Problem details → Every record below should be repeated exactly, with the pictures left out.

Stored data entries
○ ○ ○ ○

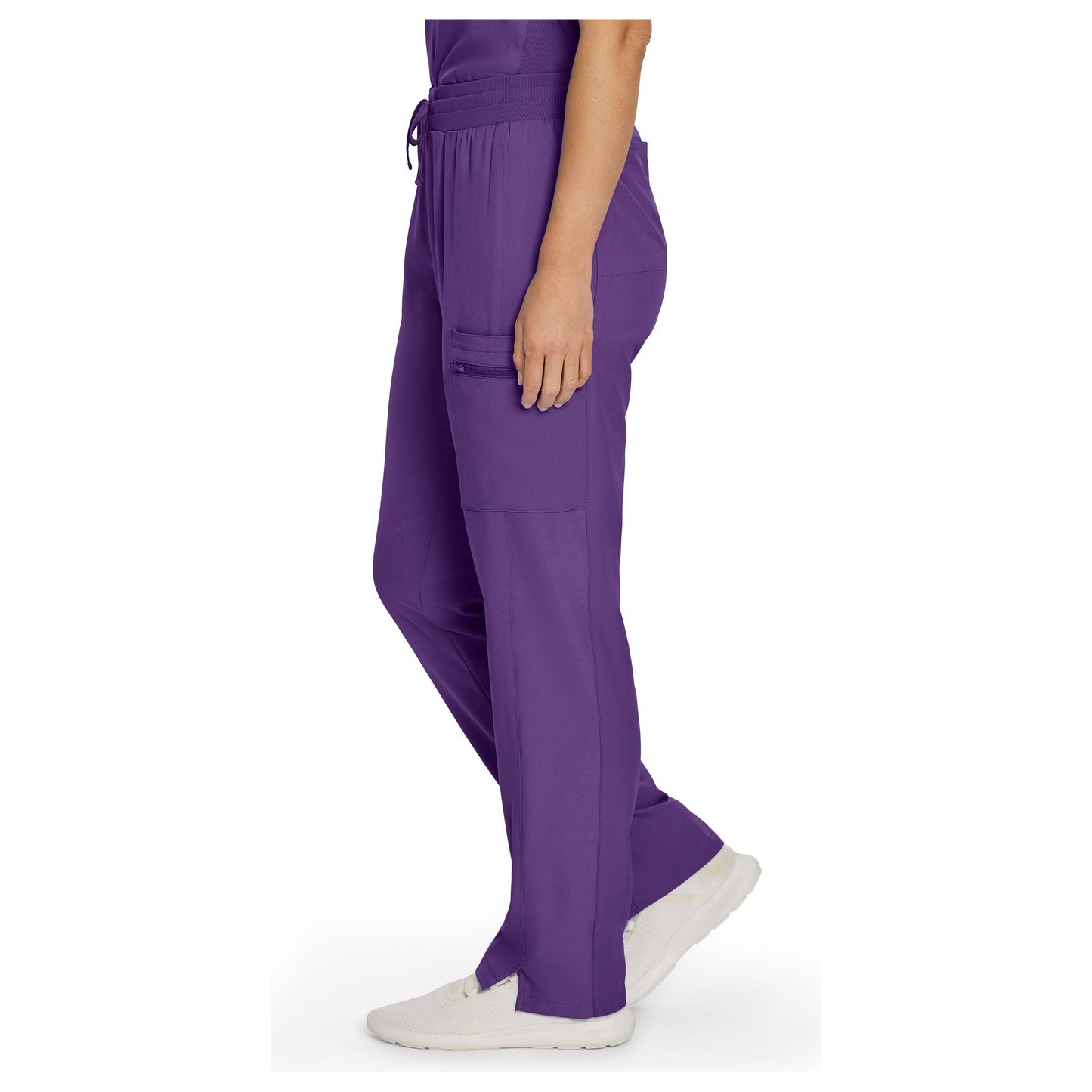 These women's mid-rise straight-leg scrub pants feature a soft rib-knit waistband with a convertible drawstring that can be tied inside or outside the waist, giving you the ability to adjust your look as you see fit. Our modern tailored fit flatters your shape, while our moisture-wicking super stretch fabric provides the comfort and flexibility your work requires throughout the day. Seven pockets, including hidden hip pockets and a secure zip cargo pocket keep your essentials within easy reach.
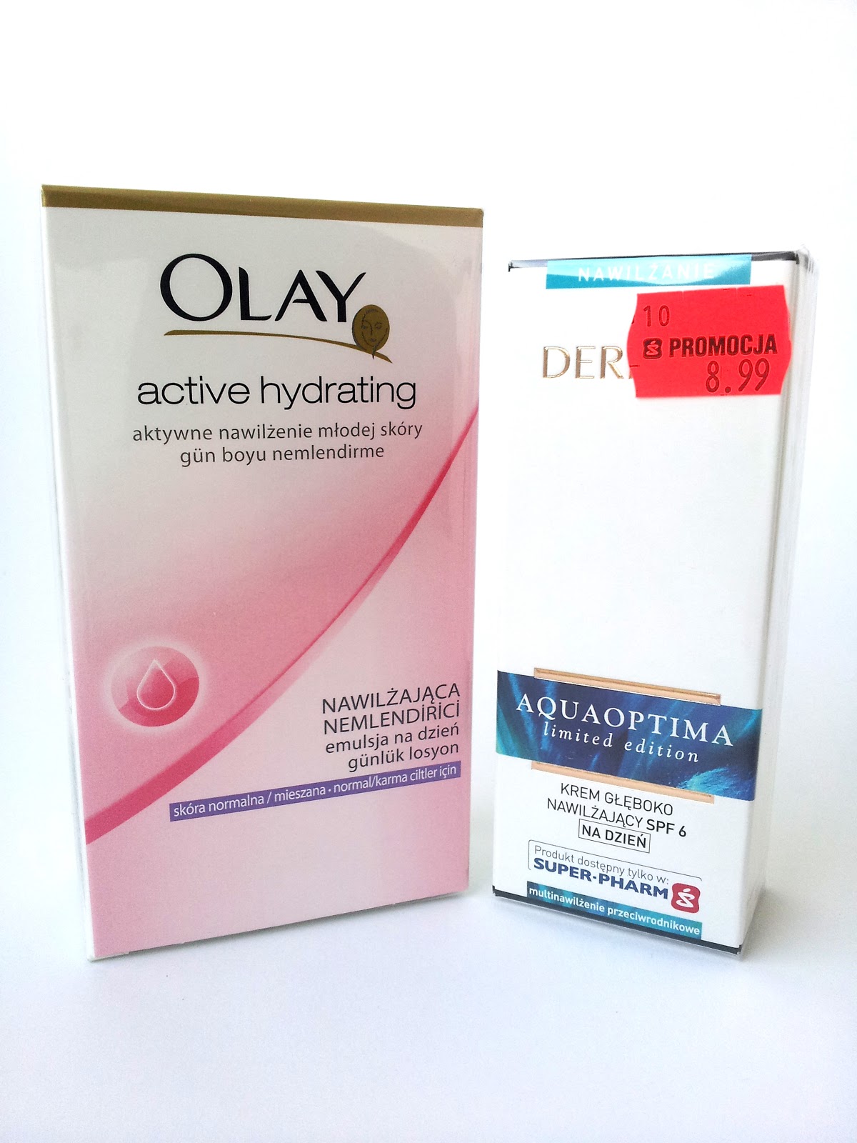 Emulsja Olay Active Hydrating do cery normalnej/mieszanej i krem głęboko nawilżający na dzień Dermika Aquaoptima z SPF 6. Pierwszy produkt był i tak na mojej liście zakupów, ponieważ czytałam, że ma przyjemną, lekką konsystencję, co bardzo lubi moja buzia. Producent zapewnia, że "Aktywna emulsja na dzień OLAY Active Hydrating nawilża i chroni młodą skórę w ciągu dnia. Łatwo się wchłania nie pozostawiając tłustej warstwy. Stanowi doskonałą bazę pod makijaż" (informacja na opakowaniu). Jak sprawdzą się obietnice sprawdzę w przyszłym miesiącu, a produkt na pewno pojawi się jeszcze na blogu w recenzji.
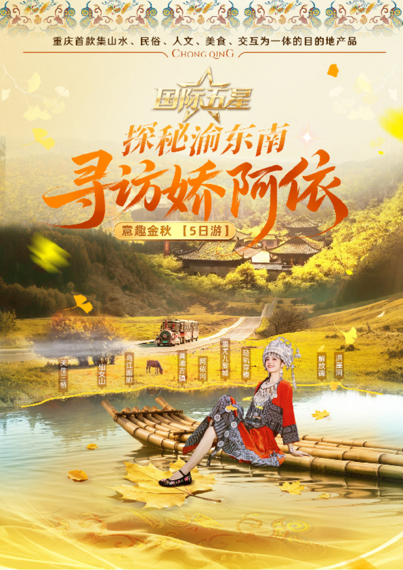 【探秘渝东南】重庆+武隆+彭水 寻访娇阿依 动去动回5日游【收客前请来电询位】(独家定制2+1保姆车,地道美食:重庆老火锅、武陵山珍宴,高山流水长桌宴、竹笼宴,精华景点:武隆天生三桥、仙女山、乌江画廊、龚滩古镇、阿依河、蚩尤九黎城、李子坝、解放碑、洪崖洞、南滨路夜游)
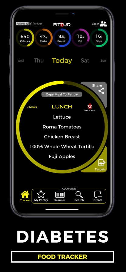The Diabetes Food Tracker App By Fittur makes food tracking and carb counting simple. With Fittur you can lose fat as easily as your non-diabetic friends. And eat the same foods while maintaining ideal blood sugar levels.
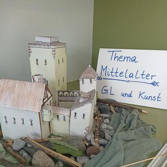 Im Fach Gesellschaftslehre (GL) sieht der Lehrplan am Ende der Klasse 7 das Thema „Mittelalter“ vor. Die Klasse 7b der Johannes-Gutenberg-Schule lernte jetzt einiges in dieser Einheit über die verschiedenen Abschnitte des Mittelalters, über Karl den Großen, das Ständesystem und das Lehenswesen kennen. Dabei ging es vor allem um die Frage, wie das Leben auf einer mittelalterlichen Burg aussah. Wer lebte dort? Wie waren Burgen aufgebaut? Und welche Funktionen hatten sie? In Kooperation zwischen den Fächern Kunst und GL entstanden in dieser Zeit Ritterburgen aus Papier und Karton, die in kleinen Gruppen von zwei bis vier Schülerinnen und Schülern angefertigt und gestaltet wurden. Wehrturm, Bergfried, Ställe, Palas, Kapelle und Innenhof mit Ziehbrunnen – all diese wichtigen Bestandteile einer Burg wurden von den Schülerinnen und Schülern zu Burganlagen zusammengesetzt. Bewundern kann man einige dieser Ergebnisse jetzt in der Glas-Vitrine am Ende der Schulstraße.
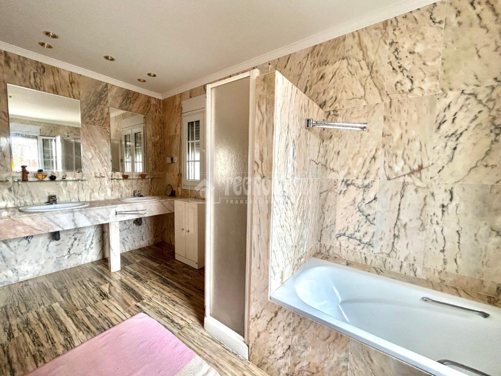 Imagina una villa de 490m², diseñada para disfrutar de espacio, comodidad y vistas espectaculares. Esta casa dispone de tres dormitorios: uno en la planta baja con baño en suite, y dos en la planta superior; una de ellas con baño en suite y vestidor privado, la otra con armario empotrado y balcón para contemplar el paisaje.
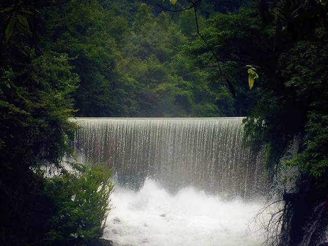 卧龙潭瀑布,就像一把梳子横亘在山间。
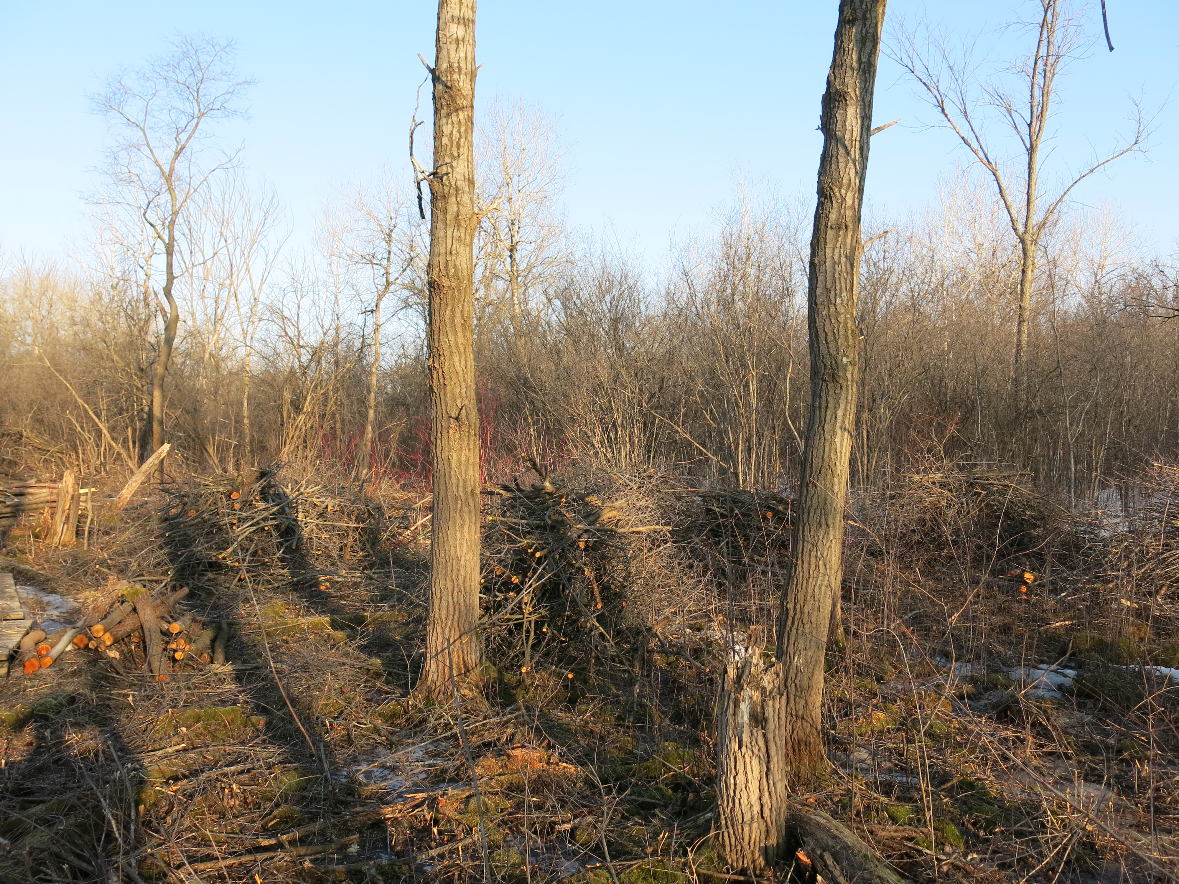 I missed him and was surprised to see him from the sand prairie driving his machine slowly north on Hwy 67 to his home some 3 miles away. Marty called me last night and assured me that as soon as the frost is out of the ground and things dry up a bit, he will return to clean up the slash and repair the skid steer scars.

○ ○ ○ ○

Solution →
 These women's mid-rise straight-leg scrub pants feature a soft rib-knit waistband with a convertible drawstring that can be tied inside or outside the waist, giving you the ability to adjust your look as you see fit. Our modern tailored fit flatters your shape, while our moisture-wicking super stretch fabric provides the comfort and flexibility your work requires throughout the day. Seven pockets, including hidden hip pockets and a secure zip cargo pocket keep your essentials within easy reach.
 Emulsja Olay Active Hydrating do cery normalnej/mieszanej i krem głęboko nawilżający na dzień Dermika Aquaoptima z SPF 6. Pierwszy produkt był i tak na mojej liście zakupów, ponieważ czytałam, że ma przyjemną, lekką konsystencję, co bardzo lubi moja buzia. Producent zapewnia, że "Aktywna emulsja na dzień OLAY Active Hydrating nawilża i chroni młodą skórę w ciągu dnia. Łatwo się wchłania nie pozostawiając tłustej warstwy. Stanowi doskonałą bazę pod makijaż" (informacja na opakowaniu). Jak sprawdzą się obietnice sprawdzę w przyszłym miesiącu, a produkt na pewno pojawi się jeszcze na blogu w recenzji.
 【探秘渝东南】重庆+武隆+彭水 寻访娇阿依 动去动回5日游【收客前请来电询位】(独家定制2+1保姆车,地道美食:重庆老火锅、武陵山珍宴,高山流水长桌宴、竹笼宴,精华景点:武隆天生三桥、仙女山、乌江画廊、龚滩古镇、阿依河、蚩尤九黎城、李子坝、解放碑、洪崖洞、南滨路夜游)
The Diabetes Food Tracker App By Fittur makes food tracking and carb counting simple. With Fittur you can lose fat as easily as your non-diabetic friends. And eat the same foods while maintaining ideal blood sugar levels.
 Im Fach Gesellschaftslehre (GL) sieht der Lehrplan am Ende der Klasse 7 das Thema „Mittelalter“ vor. Die Klasse 7b der Johannes-Gutenberg-Schule lernte jetzt einiges in dieser Einheit über die verschiedenen Abschnitte des Mittelalters, über Karl den Großen, das Ständesystem und das Lehenswesen kennen. Dabei ging es vor allem um die Frage, wie das Leben auf einer mittelalterlichen Burg aussah. Wer lebte dort? Wie waren Burgen aufgebaut? Und welche Funktionen hatten sie? In Kooperation zwischen den Fächern Kunst und GL entstanden in dieser Zeit Ritterburgen aus Papier und Karton, die in kleinen Gruppen von zwei bis vier Schülerinnen und Schülern angefertigt und gestaltet wurden. Wehrturm, Bergfried, Ställe, Palas, Kapelle und Innenhof mit Ziehbrunnen – all diese wichtigen Bestandteile einer Burg wurden von den Schülerinnen und Schülern zu Burganlagen zusammengesetzt. Bewundern kann man einige dieser Ergebnisse jetzt in der Glas-Vitrine am Ende der Schulstraße.
 Imagina una villa de 490m², diseñada para disfrutar de espacio, comodidad y vistas espectaculares. Esta casa dispone de tres dormitorios: uno en la planta baja con baño en suite, y dos en la planta superior; una de ellas con baño en suite y vestidor privado, la otra con armario empotrado y balcón para contemplar el paisaje.
 卧龙潭瀑布,就像一把梳子横亘在山间。
 I missed him and was surprised to see him from the sand prairie driving his machine slowly north on Hwy 67 to his home some 3 miles away. Marty called me last night and assured me that as soon as the frost is out of the ground and things dry up a bit, he will return to clean up the slash and repair the skid steer scars.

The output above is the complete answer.